Omit the pictures and output exactly the lines from the start of the entries through the line containing "从存量房来看,2024年09".
++++ Data for this exercise
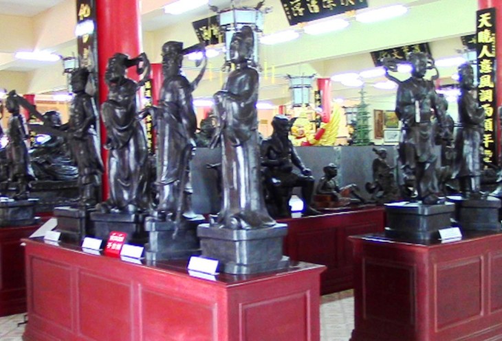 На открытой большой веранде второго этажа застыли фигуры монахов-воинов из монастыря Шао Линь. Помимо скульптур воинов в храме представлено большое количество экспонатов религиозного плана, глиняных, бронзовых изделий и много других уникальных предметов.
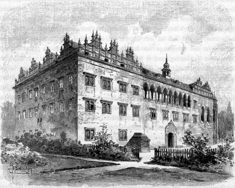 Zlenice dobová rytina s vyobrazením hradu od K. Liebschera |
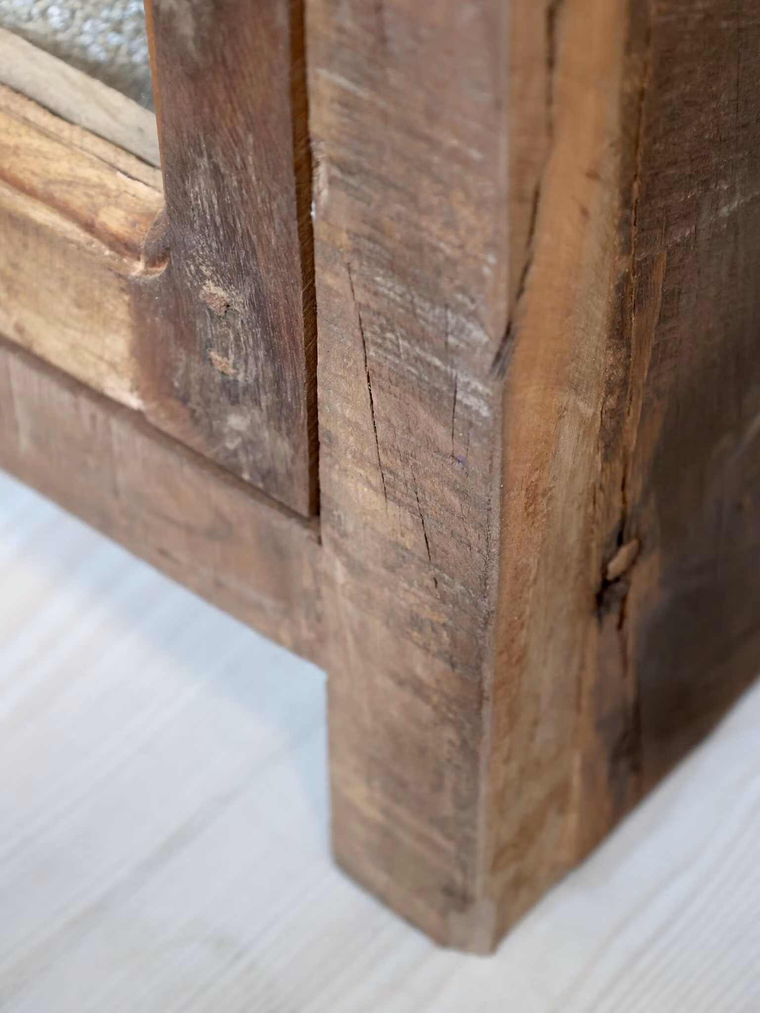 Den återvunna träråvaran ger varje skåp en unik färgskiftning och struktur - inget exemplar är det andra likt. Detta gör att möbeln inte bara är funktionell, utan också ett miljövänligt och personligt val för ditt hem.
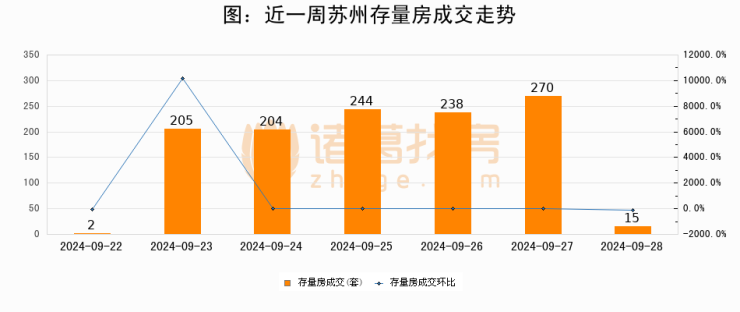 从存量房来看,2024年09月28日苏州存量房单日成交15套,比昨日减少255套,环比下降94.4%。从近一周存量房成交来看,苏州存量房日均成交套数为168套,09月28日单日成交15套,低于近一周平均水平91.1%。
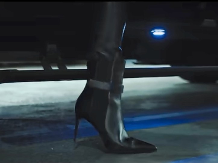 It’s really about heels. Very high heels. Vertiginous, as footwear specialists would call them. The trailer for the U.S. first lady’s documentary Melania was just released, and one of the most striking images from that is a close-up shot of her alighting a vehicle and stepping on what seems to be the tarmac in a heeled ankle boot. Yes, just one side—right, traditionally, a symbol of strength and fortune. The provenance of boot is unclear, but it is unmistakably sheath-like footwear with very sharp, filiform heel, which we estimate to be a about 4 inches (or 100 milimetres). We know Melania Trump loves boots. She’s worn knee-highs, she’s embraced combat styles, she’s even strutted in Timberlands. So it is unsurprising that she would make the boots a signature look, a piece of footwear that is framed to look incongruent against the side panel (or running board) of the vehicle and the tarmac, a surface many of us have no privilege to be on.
++++++++
§ Answer box
 На открытой большой веранде второго этажа застыли фигуры монахов-воинов из монастыря Шао Линь. Помимо скульптур воинов в храме представлено большое количество экспонатов религиозного плана, глиняных, бронзовых изделий и много других уникальных предметов.
 Zlenice dobová rytina s vyobrazením hradu od K. Liebschera |
 Den återvunna träråvaran ger varje skåp en unik färgskiftning och struktur - inget exemplar är det andra likt. Detta gör att möbeln inte bara är funktionell, utan också ett miljövänligt och personligt val för ditt hem.
 从存量房来看,2024年09月28日苏州存量房单日成交15套,比昨日减少255套,环比下降94.4%。从近一周存量房成交来看,苏州存量房日均成交套数为168套,09月28日单日成交15套,低于近一周平均水平91.1%。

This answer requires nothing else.